部活の古い録音、レガシィな記録媒体のお話

高校のころ所属していた部活 の古い録音の山が、講師の先生のところに眠っているらしい。何年も前にそんな話を聴いてから、いつか全部きちんとデジタル化して後世に残していきたいなあとながいこと思っていたのだけれど、最近ようやくこれに着手した。

部活の公式 Web ページの中の “ギタサン史” によれば、ぼくらのルーツは 1972 年の秋に発足した同好会。今が 2013 年だから、もう 41 年を数えることになる。ぼくの生まれが 1987 年だから、それよりもずっと前。

40 年を越える歴史があるというのに、さて、ぼくらが “過去の演奏” を聴こうと思ったときに聴けるのは、せいぜいここ 10 年分くらい。最近の部員の中では比較的長くぎたさんに関わっていると思われるぼくでさえ、手元にきちんとした形で持っているのは 2001 年度以降のデータだけ。

世の中に録音が存在しないなら別だけど、物理的に残っているのであれば、それが聴けなくなる前に、聴ける状態にしておきたかった。

経年劣化は避けられない。はやくどうにかしないといけない、このまま何もしないでいたら、ぼくらは膨大な何かを失うことになると、そういうぼんやりとした危機感があった。

残っている記録媒体は、たいがいは何らかのテープ。危機感の根源は、テープの寿命ではなく、テープを再生する機械の寿命である。

テープは強い。コンパクトカセットだろうが DAT だろうが miniDV だろうが Hi8 だろうが VHS だろうが VHS-C だろうが beta だろうが、とにかくテープは強い。信じられないくらいに強い。耐久性でいえば CD-R や DVD-R や HDD よりも何倍も何十倍も強い。今までの数十年も平気で品質を保ってきたし、多分この先の数十年も同じように品質を保ってくれるはず。

だから別に今やらなくてもいいのではないかと思わないこともないのだけど、現実的にはたぶん、テープより先にそのテープを再生できる機械がなくなる。かつて一世を風靡したカセットデッキも、もはやまともな新品は TEAC のくらいしか手に入らない。

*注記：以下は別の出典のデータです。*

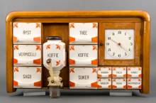 Houten keukenwandrek met aardewerk kruidenlades met opschrift, elektrische klok en koffiemolen -defecten-, 47 x 77 x 30 cm
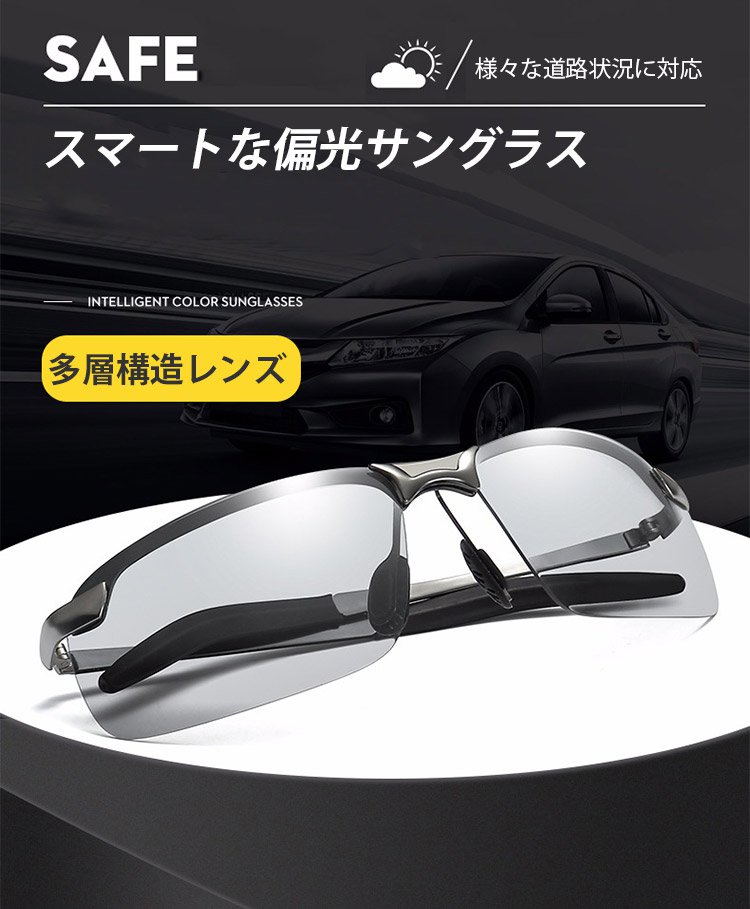 【日夜兼用偏光サングラス】クリアな視野、日夜兼用、サイクリングや安全運転をサポート

DAT デッキなんてもうどこも作っていない。

今あるデッキだっていつかは壊れるし、ガタがくるとテープが入ったまま取り出せなくなるとか中で絡まるとか切れるとか、そんなことも起こりうる。そんな現実をよそに、メーカの保守パーツの保管期限もどんどん切れてくるから、オーバホールはおろか修理さえも年々難しくなってくる。

だからやっぱり、今、できるひとがやっておかなければいけない気がする。

第一に、テープの中のデータを保全すること。第二に、保全したデータをリマスタリングして再利用性を高めること。第三以降は、考えていない。

何年かかるかわからない。まずは音から。そのあとは映像。終わったら部活ではない別の団体の分。なんせ 500 本ちかくある。先は長い。いまは 50 本くらい終わったところ。

そんなわけで、最近はレガシィな記録媒体と仲良く暮らしている。ぼくが生まれる前に記録されたメタルテープ[1] が想像をはるかに上回る音のよさでびっくりしたりとか、180 分の DAT をデッキに入れるときにちょっと緊張したり[2] とか、そんな毎日。

しかしこういうことをやっていると、五十年後にこのデータは誰がどう管理しているんだろうなあとか、そもそも五十年後って部活どうなってるのかなあとか、高校っていうシステムがその時まで残っているのかなあとか、いろいろ考えてしまいますね。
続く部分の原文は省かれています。